The deliberate infection of children is not a “conspiracy theory” but a political fact that is openly stated time and again by politicians and government advisers themselves.
Federal Health Minister Karl Lauterbach (Social Democratic Party, SPD) has repeatedly made clear that from his department’s point of view, the pandemic will continue for “10 years” or even “30, 40 years.” He thus expresses the fact that a serious fight against the pandemic is not profitable from a capitalist standpoint and that the ruling class has no intention whatsoever of ending the mass deaths through an internationally coordinated strategy. The ever-new emergence of further coronavirus variants and the deaths of millions of people are to be declared the normal state of society.
This phenomenon is not limited to Germany.
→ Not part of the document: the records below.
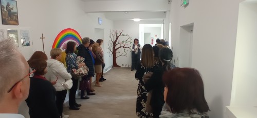 Bali Imréné Adrienn, a salgótarjáni székhelyű Jó Pásztor Katolikus Óvoda igazgatója örömmel és hálás szívvel vezetett körbe bennünket az épületen, majd az óvodások egy rövid műsorral is kedveskedtek nekünk.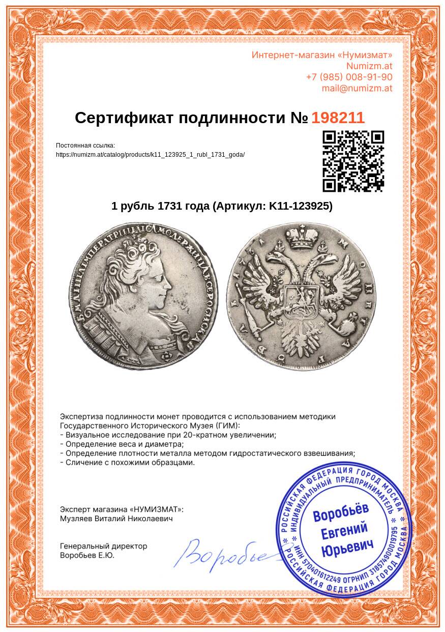 Купить 1 рубль 1731 года по привлекательной цене можно в нашем интернет-магазине — Вам достаточно оформить заказ на сайте. Все монеты, представленные в каталоге, находятся в наличии на нашем складе.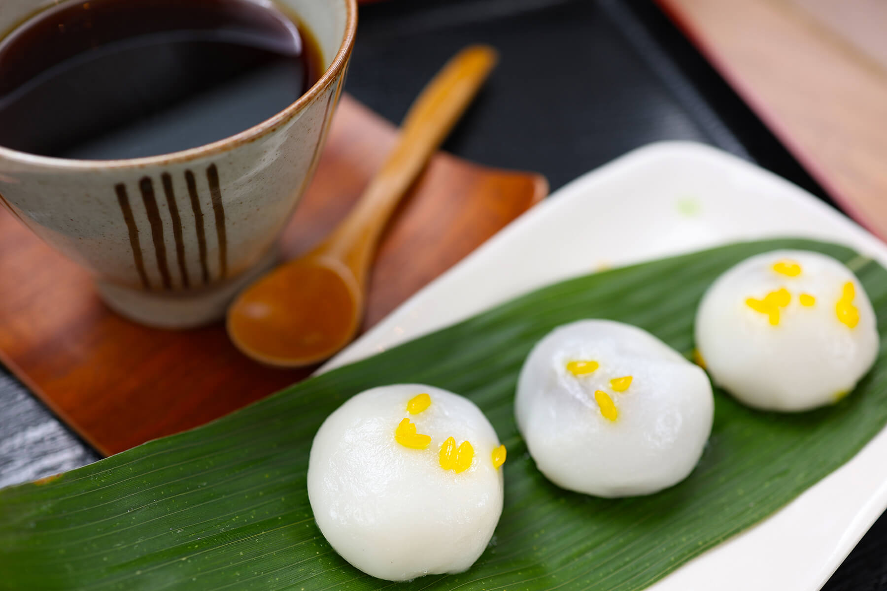 稲花(いが)餅は古くから蔵王に伝わる郷土菓子で、笹の葉は蔵王で採れた天然の隈笹の葉を使っています。米粉の餡入り餅の上には、稲の穂をイメージし黄色く染めたお米が乗っていて、そのまま笹ごと口元まで持っていって食べると、手をよごさずに笹の香りと風味が最後まで楽しめます。喫茶店「いがもちの里さんべ」では、コーヒーや抹茶などのドリンクと共にできたての稲花餅が楽しめ、こし餡は甘さ控えめで上品な味わいです。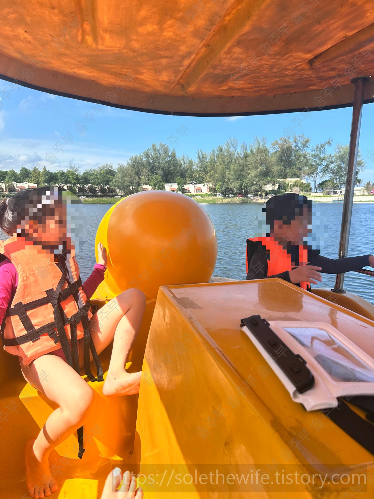 한국에서는 땀 흘리기 싫어서 절대 안 타주는 덕보트인데, 이곳에서 타주니 아이들이 매우 즐거워했다.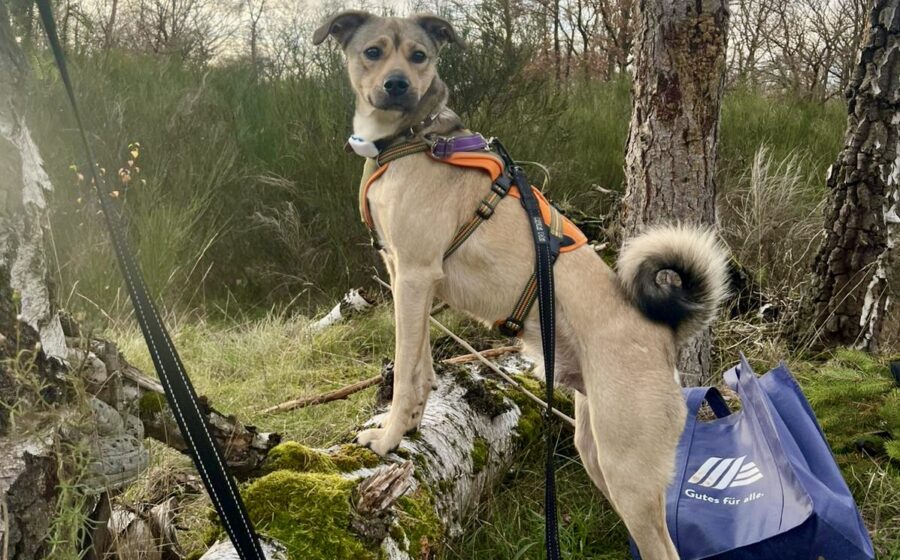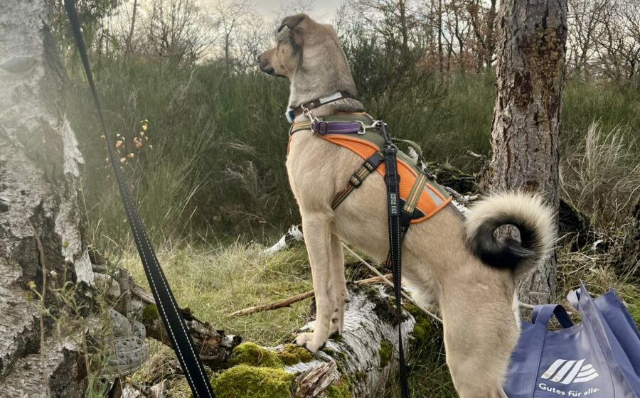 Bei Fremdpersonen, besonders Männern, zeigt sich Milos Unsicherheit deutlicher. Während er bei Frauen mit etwas Anleitung, freundlicher Ansprache und einem Leckerli schnell auf Auftau-Modus schaltet, fehlt ihm bei Männern aufgrund seiner Vorgeschichte noch das Vertrauen. Hier kann er nach vorne gehen, weshalb er sicherheitshalber weiter mit Maulkorb trainiert wird. Aktuell lernt Milo konsequent, dass er bei Überforderung nicht nach vorne gehen darf, sondern sich hinter seiner Bezugsperson orientieren soll. Er arbeitet fleißig mit – ihm fehlen einfach positive Erfahrungen, die er nun Schritt für Schritt nachholen darf.

The herd immunity policy is enforced by almost all capitalist governments without any consideration. In many countries, death tolls are once again almost as high as at the previous peak in the winter of death 2020/21, and yet they continue to open up the economy. In Britain, even the obligation for people who are ill to isolate has now been abolished.
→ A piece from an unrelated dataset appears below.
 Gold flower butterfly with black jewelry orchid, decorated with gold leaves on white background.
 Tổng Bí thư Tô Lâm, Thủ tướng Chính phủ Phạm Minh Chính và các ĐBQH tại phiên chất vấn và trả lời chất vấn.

This international lockstep of the herd immunity policy shows that it has its basis not in the parochialism of one politician or another, but in the capitalist system. To increase their profits and not to endanger production, those in power are prepared to walk over corpses. This is also shown in the aggressive warmongering against Russia, which is incessantly pushed forward by the NATO powers.
Under these conditions, the movement against the pandemic must link up with the growing struggles of the working class against wage theft and mass sackings, and take on international forms. Therefore, the IYSSE calls for the building of independent safe education rank-and-file committees to oppose the federal and state governments, to coordinate internationally and to link up with rank-and-file committees in workplaces.
In the February 8 statement we wrote:
Instead of making appeals to the established parties, who make it clear day after day that our lives are worth nothing to them, students and teachers must organise independently in action committees for safe education, taking the fight into their own hands and immediately enforcing the safety measures mentioned in the petition. With school strikes and protests students must be the prelude to a full-scale rebellion of the entire working class against the infiltration.
The only way to stop the endless contagion is the international struggle for “Zero COVID,” based on a socialist perspective and a movement of the international working class against capitalism:
Instead of transferring billions to corporations and the super-rich, the number of teachers must be doubled and schools must become safe places of learning. In order to finance the necessary lockdowns—first and foremost for schools and nonessential businesses—including wage compensation, support for poor families, compensation for small businesses, etc., 100 percent of the pandemic profits must be taxed.
A social system that walks over corpses for profits and destroys the health and future of entire generations must be abolished and replaced by a system that gives priority to life over profits. The struggle against the pandemic, like the struggle against social inequality and war, is at its core a struggle against capitalism and for socialism.